French police on high alert after riots in Amiens

Police in Amiens
Image caption Amiens is set to become one of 15 so-called 'priority security zones'

Police throughout France have been placed on high alert after riots in Amiens earlier this week left 16 officers injured. The trouble has come at a difficult time for the country's new President, Francois Hollande, and the city is not alone in its problems.

The old port of Marseille is bustling at this time of year. It is the Mediterranean route into France, a haven for traders, a gateway for smugglers.

It reflects, in the visiting yachts that currently hug the harbour, the wealth and privilege to which many in Marseille might aspire.

High above the towering cranes of the old waterfront is the contrasting image of poverty and despair.

The limestone hills are crammed with faceless, deprived housing projects in which the drug gangs are in murderous control.

This has been a particularly brutal summer with 17 drug related deaths this year - already surpassing the figure for 2011.

We were warned about filming in these suburbs, the taxis refuse to go there, even the police are wary. There is a new threat. The smuggling from the Balkans has put powerful military style weapons in the hands of teenagers.

"They use them as if it's a video game," said Jean Marie Allemand, head of the city's police union. "Some of the gunmen are as young as 13, they spray bullets in all directions, they are afraid of nothing."

In another suburb this week, far to the north in the city of Amiens there was a riot. In fact the local mayor compared it to "urban guerrilla warfare".

Sixteen policemen were injured, some of them hit with live rounds. A nursery school and a local gym were gutted by fire and motorists ambushed, their vehicles set alight.

Marseille and Amiens - two cities at opposite ends of the country with much the same problem. The poor relationship between police and local youths from immigrant backgrounds is often blamed.

In Amiens this week people told me the violence was sparked by an overzealous stop and search. But it is no secret that in these suburbs there is also a suffocating sense of alienation.

In 2005, three weeks of similar rioting spread from Paris to other parts of the country, leading to an unprecedented state of emergency and much soul searching.

There was the inevitable rush to new job creating initiatives - but seven years on they have had little effect.

It is a direct challenge to Francois Hollande and his new Socialist government.

In Marseille, youth unemployment is as high as 40%.

A local crime reporter Francois Giorgetti told me that on some estates the drug gangs are now the only active employers.

"Young dealers treat it like a proper career," he said. "It's meticulously organized. There's a regular salary, they are divided between split shifts. Sure they are at risk - if you are not murdered you will probably end up in jail. But why would you not take the risk?"

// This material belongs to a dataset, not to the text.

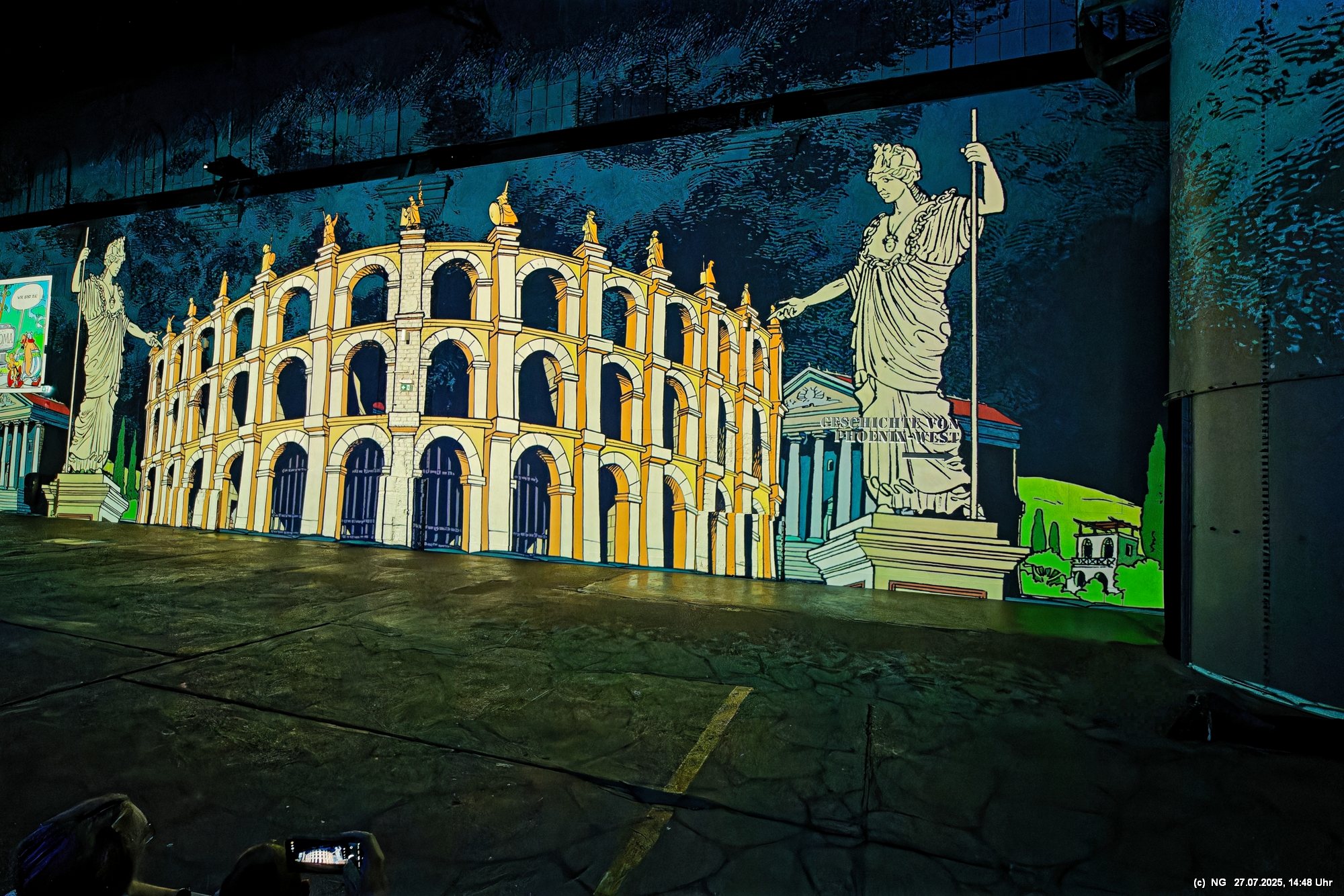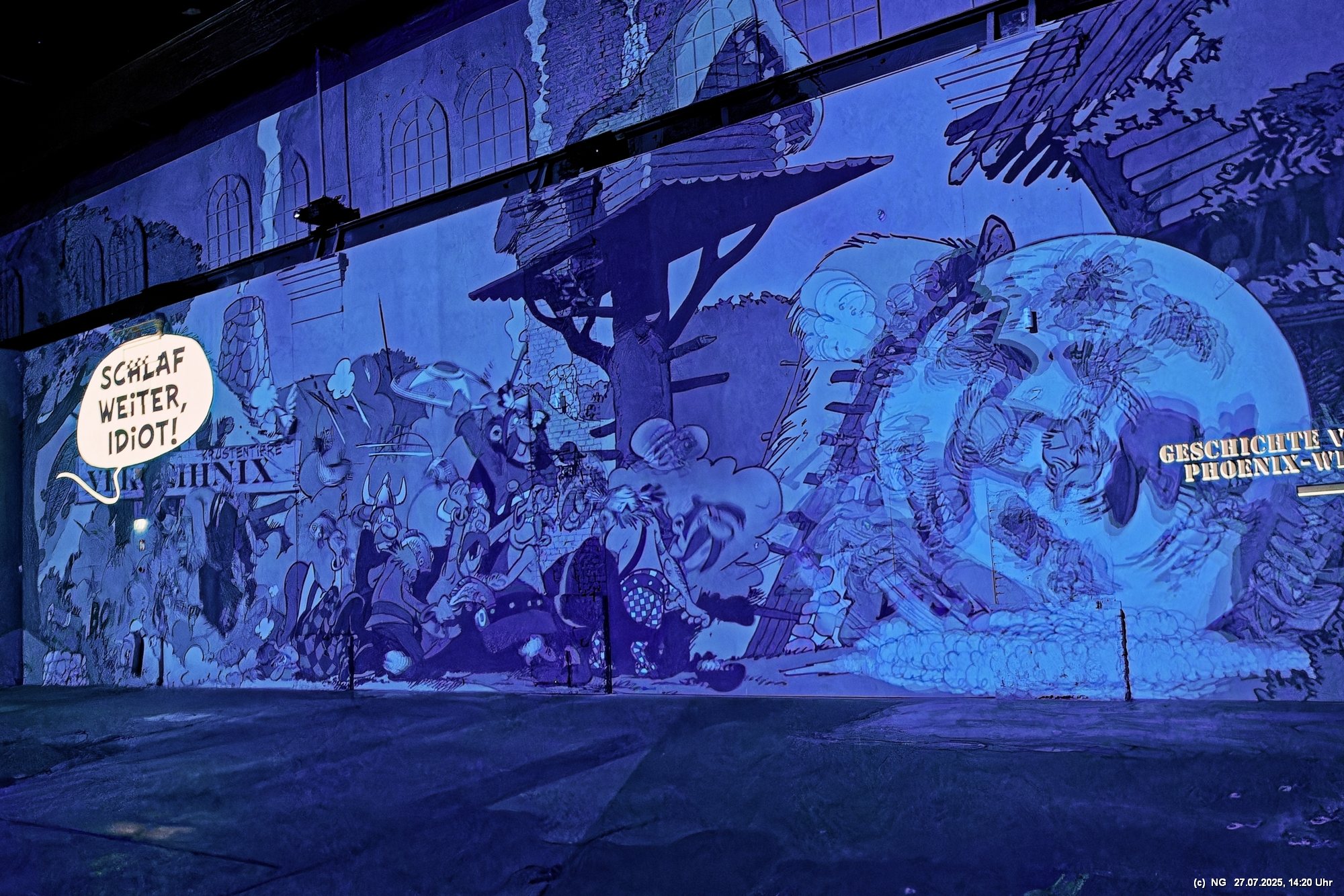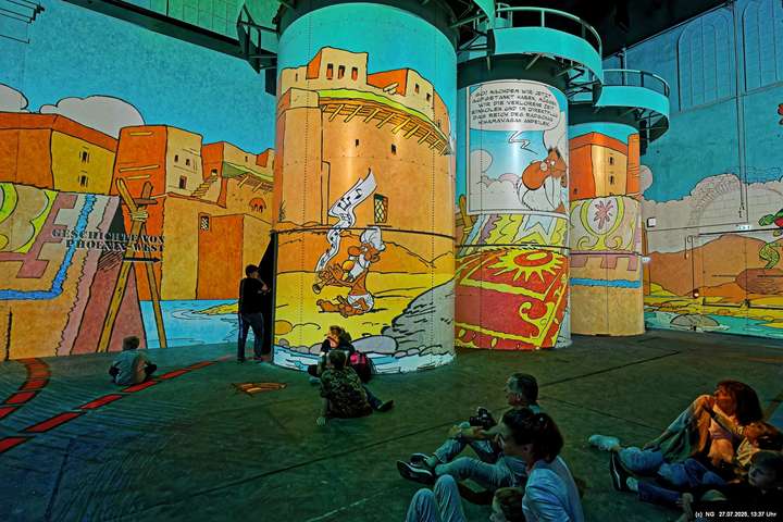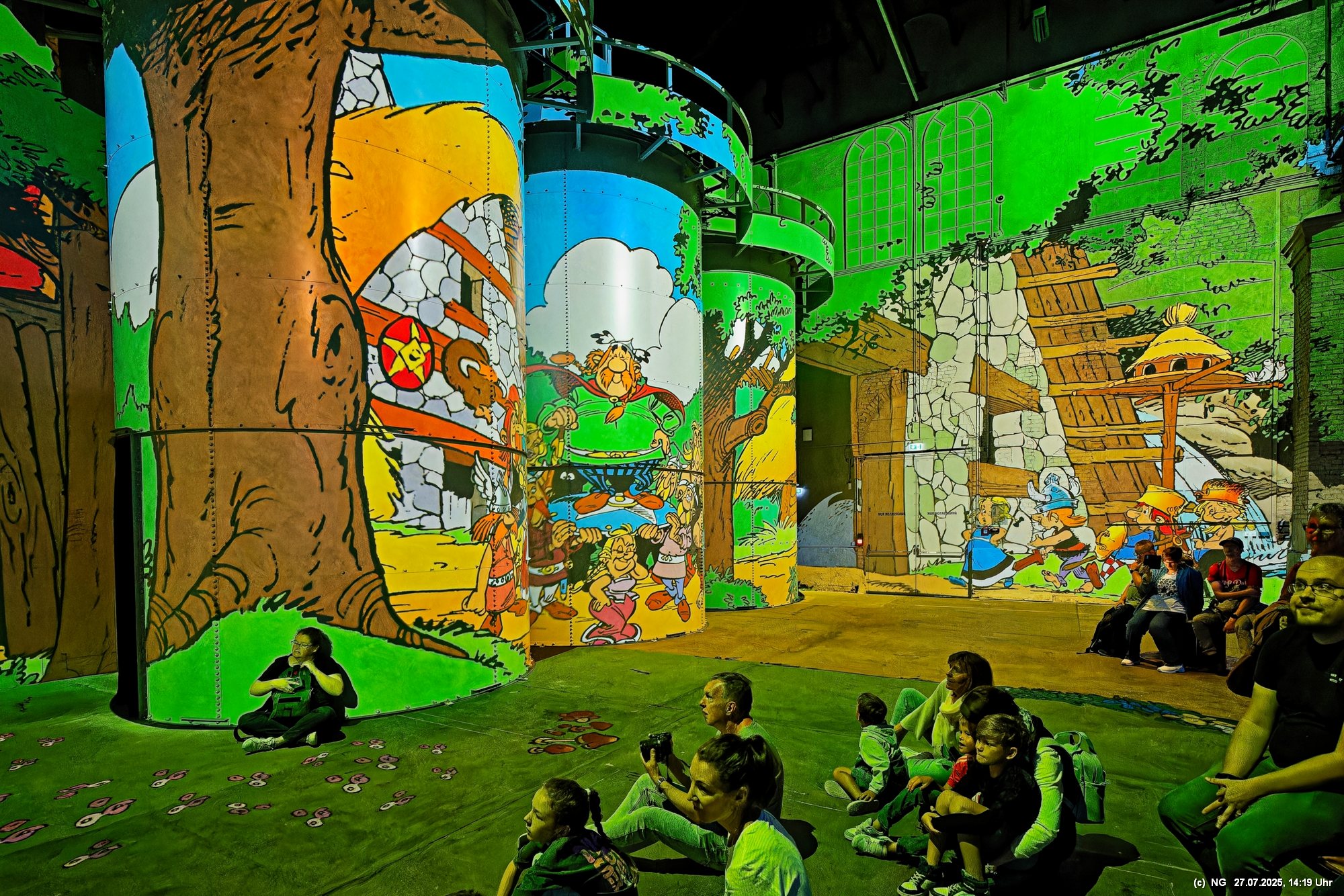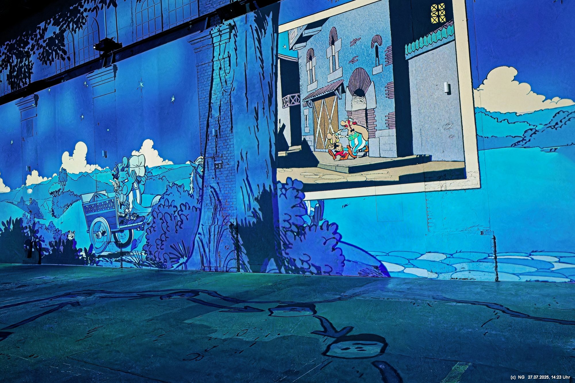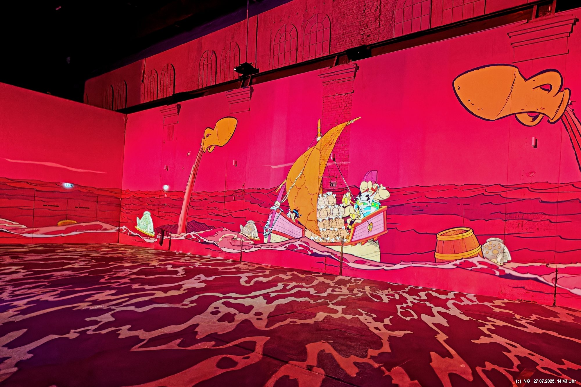 Die Hütte war richtig voll. Klar, es war Sonntag und auch noch Nachmittag. Wer nicht schon im Urlaub war, hatte dort die Möglichkeit, sich köstlich zu unterhalten. Bei den Erwachsenen kam dann die Erinnerung an diese famosen Zeichengeschichten. Es war kurzweilig. Die Bilder rauschten in 45 Minuten vorbei über die 5.600 m² Projektionsfläche, zu der auch der Boden gehört. Wenn noch Platz war, stand man dann mittendrin in der Projektion. So wollte der fliegende Teppich vor uns landen. Technisch war das perfekt gemacht. Wir waren in der Umgebung dieser ehemaligen Industriehalle wieder einmal fasziniert!

Why not indeed! The rewards bring luxuries - the kind we see in the port - that would forever be out of reach.

So what does the president do? On the economy he was elected to restore social justice and close the growing gap between the well-heeled elite and the increasingly disgruntled working class.

On security, the country expects him to talk tough. "It's not a priority," he said "it is an obligation".

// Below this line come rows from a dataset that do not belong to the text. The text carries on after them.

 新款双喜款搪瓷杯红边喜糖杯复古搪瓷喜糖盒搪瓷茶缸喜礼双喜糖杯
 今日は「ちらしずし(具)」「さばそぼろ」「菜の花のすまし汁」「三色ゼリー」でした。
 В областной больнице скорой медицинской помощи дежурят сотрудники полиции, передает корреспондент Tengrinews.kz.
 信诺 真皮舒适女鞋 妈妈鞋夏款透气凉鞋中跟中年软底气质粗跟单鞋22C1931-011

Notably his interior minister Manuel Valls is a hardliner, not to the taste of all in his party. Some compare him to one of his predecessors.

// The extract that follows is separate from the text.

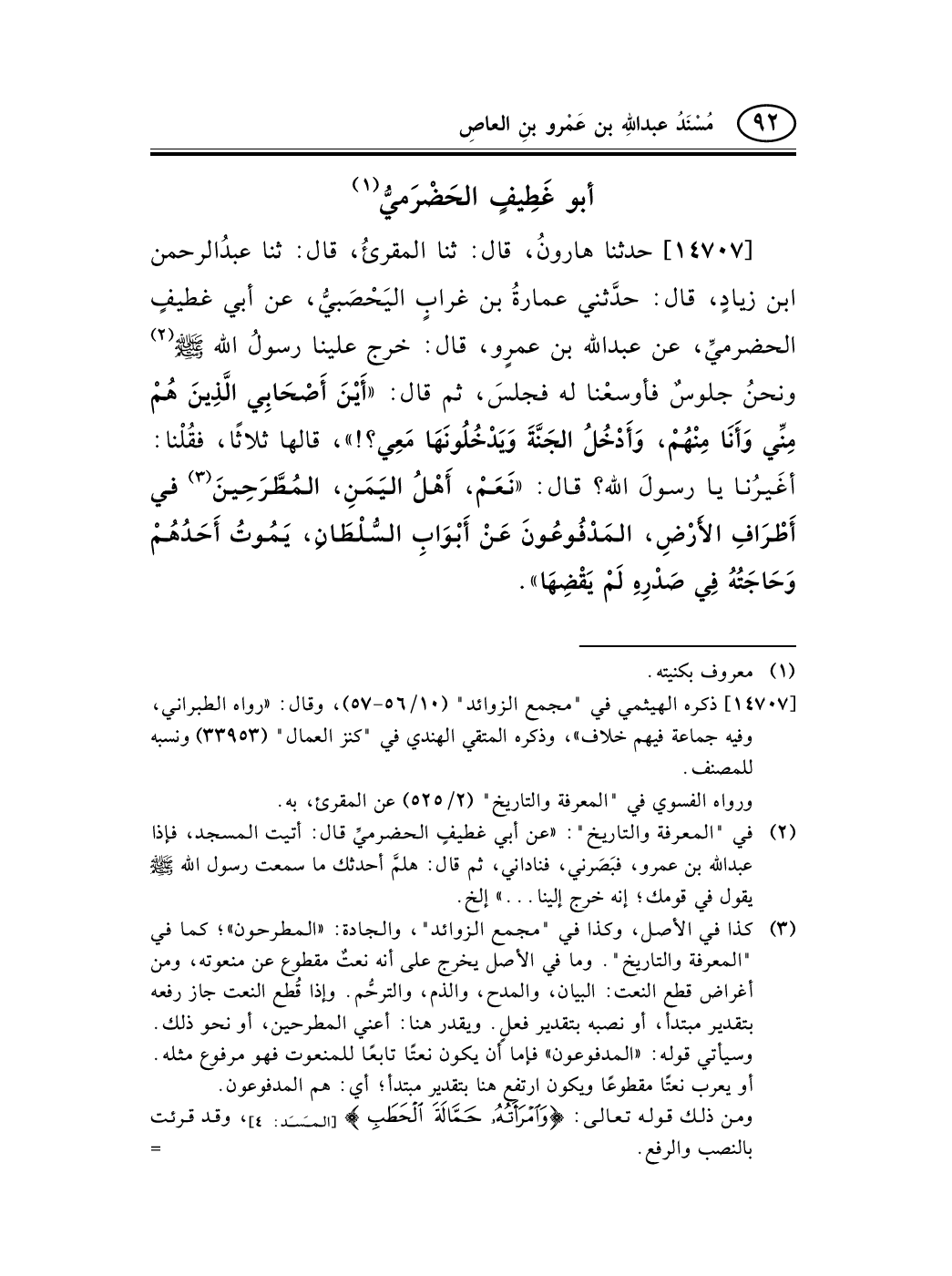14707 - حدثنا هارونُ، قال: ثنا المقرئُ، قال: ثنا عبدُالرحمن ابن زيادٍ، قال: حدَّثني عمارةُ بن غرابٍ اليَحْصَبيُّ، عن أبي غطيفٍ الحضرميِّ، عن عبد الله بن عمرٍو، قال: خرج علينا رسولُ الله صلى الله عليه وسلم (¬2) ونحنُ جلوسٌ فأوسعْنا له فجلسَ، ثم قال: «أَيْنَ أَصْحَابِي الَّذِينَ هُمْ مِنِّي وَأَنَا مِنْهُمْ، وَأَدْخُلُ الجَنَّةَ وَيَدْخُلُونَهَا مَعِي؟!» ، قالها ثلاثًا، فقُلْنا: أغَيرُنا يا رسولَ الله؟ قال: «نَعَمْ، أَهْلُ اليَمَنِ، المُطَّرَحِينَ (¬3) في أَطْرَافِ الأَرْضِ، المَدْفُوعُونَ عَنْ أَبْوَابِ السُّلْطَانِ، يَمُوتُ أَحَدُهُمْ وَحَاجَتُهُ فِي صَدْرِهِ لَمْ يَقْضِهَا» .

"We will wipe the scum from the streets." Remember that? It was Nicolas Sarkozy speaking in 2005.

I am sure Mr Valls will opt for a different choice of language but there is the same kind of intent. He has named Amiens and Marseille as two of his 15 "priority security zones" within France, to which they will now devote extra resources.

Image caption The clashes left a primary school in Amiens severely damaged by fire

But reversing the trend will be a mighty challenge. A few weeks ago I reported from the immigrant-heavy suburb of Aulnay-Sous-Bois, on the edge of Paris that was at centre of the 2005 riots.

Their biggest local employer PSA Peugeot Citroen has just announced it is closing its assembly plant with the loss of 5000 jobs.

One worker estimated that on his estate 80% of the adult men, most with families, are about to lose their jobs. Another perilous step on the road to grinding urban decline.

Yet France is hardly isolated in these difficulties. The Eurozone crisis has left its mark on others too, with unrest recently in Greece, Spain, Portugal and of course London.

In Britain the summer riots of 2011 brought some of the same kind of introspection. Yes, perhaps the Olympics have temporarily lifted the spirits, but they do not mask the underlying problems, which are similar.

Across Europe there is an underclass of young men and women, jobless and restless, and the events in France this week should serve as a warning to all.